You're getting confused by what the value of an assignment expression is. This
is what I think you're hoping your code does (but it doesn't do that):
function makestring(fun)
A::Array{ASCIIString} = [fun(i) for i = 1:3]
return A
end
-- John
On Oct 29, 2014, at 10:57 AM, Zenna Tavares <zennatava...@gmail.com> wrote:
> Ok, but then why does it return the Vector{Any}. The following two functions
> give different results
>
> function makestring(fun)
> A::Array{ASCIIString} = [fun(i) for i = 1:3]
> end
>
>
> function makestring(fun)
> A::Array{ASCIIString} = [fun(i) for i = 1:3]

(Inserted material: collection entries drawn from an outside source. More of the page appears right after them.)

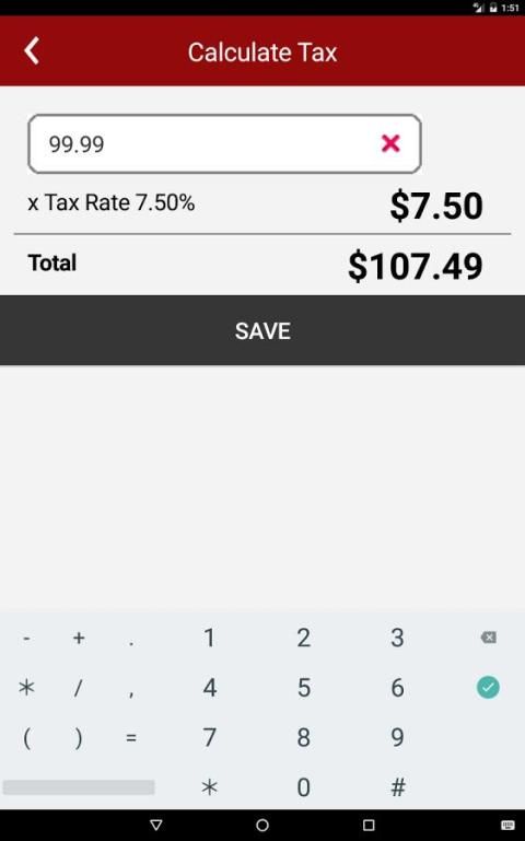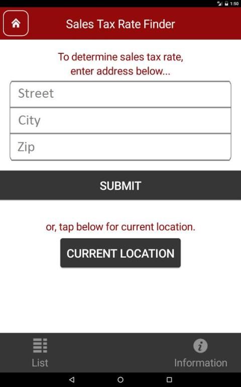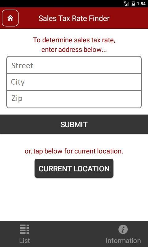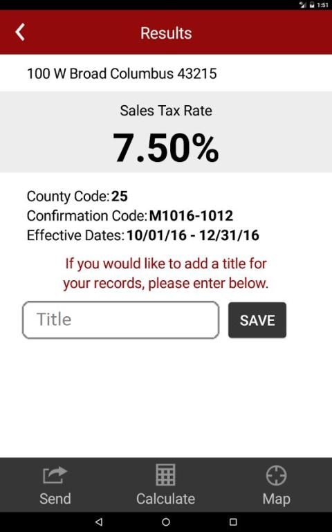 • बिक्री कर की राशि एकत्र करने या भुगतान करने के लिए गणना करने के लिए एक पता, ज़िप कोड या अपने वर्तमान स्थान (जीपीएस का उपयोग) दर्ज करने की क्षमता।
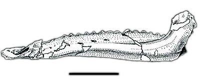 Ryc. 1. Holotyp Ratchasimasaurus suranareae (NRRU-A2064) - kość zębowa w widoku bocznym. Skala: 5 cm. © Shibata et al., 2011. | |||
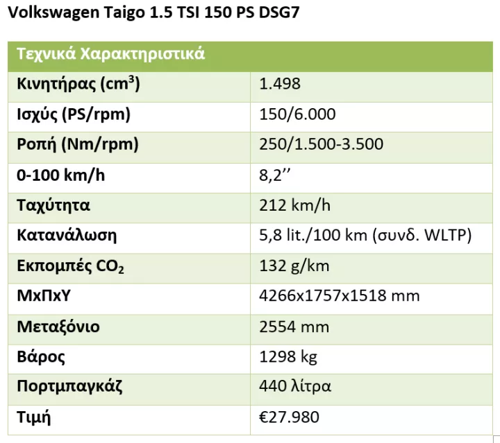 Έχοντας τώρα υπόψη μας ότι πριν από ένα χρόνο είχαμε γράψει πολύ καλά λόγια και για το VW Taigo των 116 ίππων γεννάται το ερώτημα τι τελικά είναι αυτό που προσφέρουν οι 150 ίπποι και τα 250 Nm ροπής. Μήπως είναι υπερβολή; Η απάντηση είναι ότι αν θα μπορούσε να πει κανείς ότι οι επιπλέον 34 PS δεν είναι απαραίτητοι, ωστόσο κάθε φορά που βρίσκεσαι στην ανάγκη να προσπεράσεις καταλαβαίνεις τελικά τι έχεις κερδίσει εάν οδηγείς το «χιλιοπεντακοσάρι» αυτοκίνητο αντί για το «χιλιάρι». Συνδυασμένο αποκλειστικά με το γνωστό αυτόματο κιβώτιο διπλού συμπλέκτη DSG 7 σχέσεων, το μοτέρ έχει αρκετή ροπή και το κιβώτιο κάνει άμεσο kickdown (αυτόματο κατέβασμα σχέσεων στη βύθιση του πεντάλ γκαζιού) για γρήγορες ρεπρίζ και ασφαλείς προσπεράσεις, ακόμη και με πλήρες φορτίο.
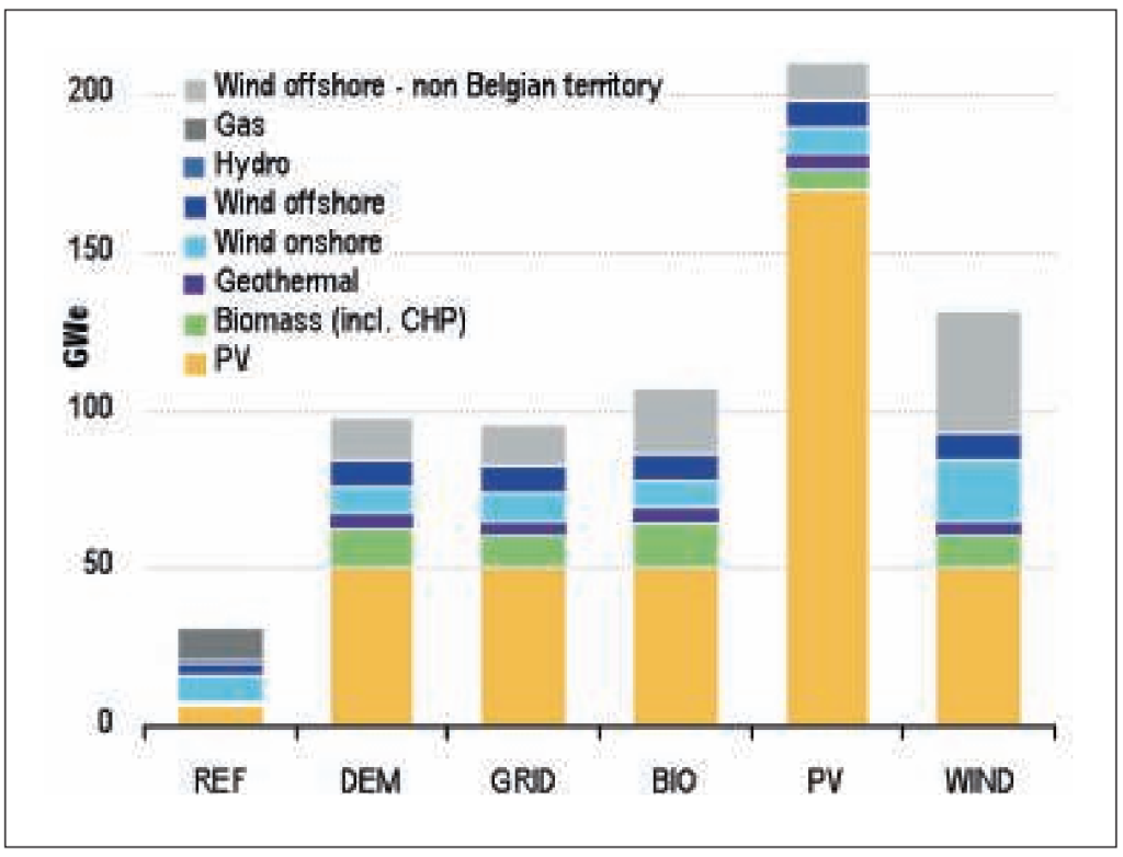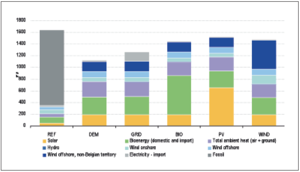La figure ci-contre (haut de page) donne une image de la consommation intérieure brute d’énergie dans les différents scénarios renouvelables. Pour fixer les idées, précisons que la consommation intérieure brute actuelle de la Belgique se situe aux alentours de 2000 PJ (pétajoule). Le scénario DEM implique une sérieuse réduction de la demande d’énergie.
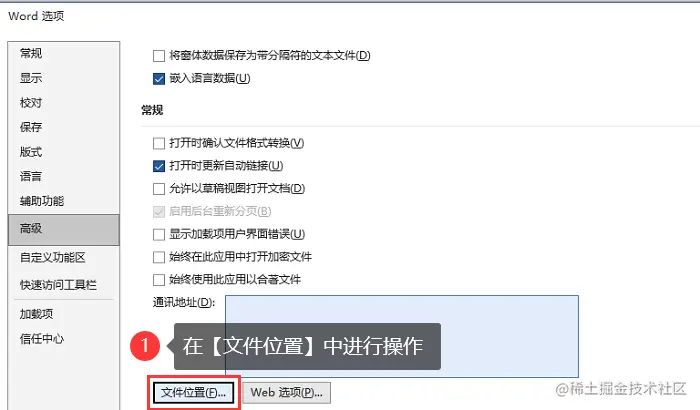 2.转到 【高级】 选项卡,然后向下滚动至 【文件位置】 部分;
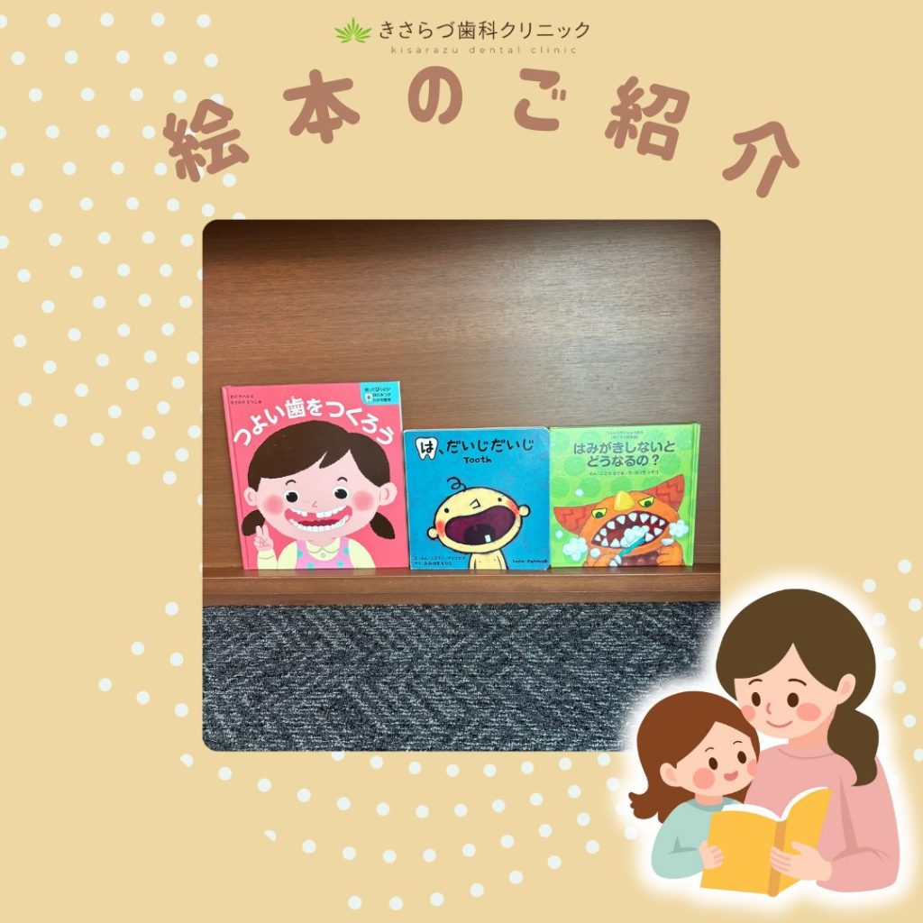 待合室に新しく、歯にまつわる絵本を3冊置きました。
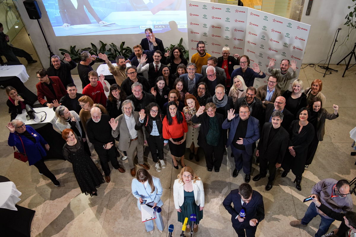 V štabu Levice in Vesne v Mestnem muzeju Ljubljana so bili še minister Simon Maljevac, generalni sekretar Levice Matej Zupanc in poslanka Nataša Sukič, ki je med drugim v šali dejala, da so "resnično veseli uspeha".
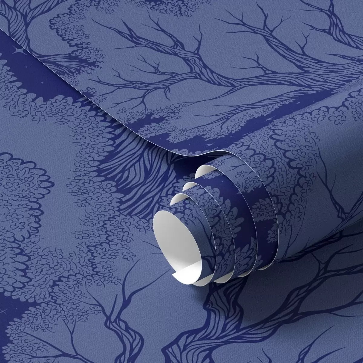 Tapeta Silhuete dreves pod zvezdnatim nebom v odtenkih modre barve Št. a00798
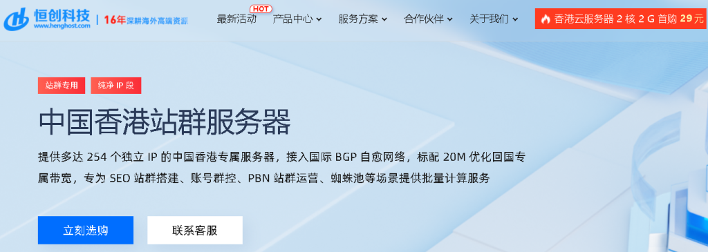 香港站群服务器免备案搭建方便,避免了每个网站都备案的麻烦,服务器部署之后就能够立即搭建业务。而且,恰逢恒创科技活动期间,现在购买价格也比较便宜。
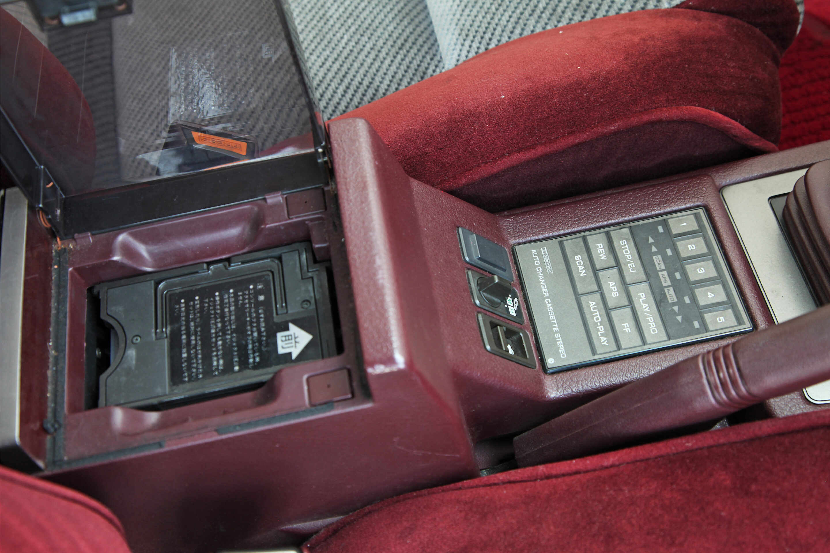 当時、R31やF31の純正オプションだったクラリオン製オートカセットセレクターを装備していたことに驚き。5本のカセットテープを装填できるカートリッジをセンターアームレスト部にセットし、シフトレバー後方のパネルスイッチで操作する。世界初を謳った日産自慢の装備だ。

> convert(Array{ASCIIString},A)
> end
>
> I thought maybe it was a weird REPL thing, but it's not.
>
> On Wednesday, October 29, 2014 1:52:01 PM UTC-4, John Myles White wrote:
> I'm pretty sure this sort of thing always works since type declarations on
> variables behave like convert calls:
>
> julia> function foo()
> a::Int64 = 0x01
> return a
> end
> foo (generic function with 1 method)
>
> julia> foo()
> 1
>
> -- John
>
> On Oct 29, 2014, at 10:50 AM, Zenna Tavares <zennat...@gmail.com> wrote:
>
> > Also, the following runs but still returns a Vector{Any}. How is this
> > possible?
> >
> > function makestring(fun)
> > A::Array{ASCIIString} = [fun(i) for i = 1:3]
> > end
> >
> >
> > On Wednesday, October 29, 2014 1:45:51 PM UTC-4, Zenna Tavares wrote:
> > As shown in the following example, I am getting differently typed arrays
> > depending on where I use the list comprehension.
> >
> > f(i) = "$i"
> > A = [f(i) for i = 1:3]
> > function makestring(fun)
> > A = [fun(i) for i = 1:3]
> > end
> > B = makestring(f)
> >
> > In this example A has type Vector{ASCIIString} while B has type
> > Vector{Any}. What gives? And is there a workaround such that we get a more
> > specific type?
> >
> > I understand there are some open issues related to this, but I am not sure
> > if this case comes under what's already been discussed.
> >
> >
>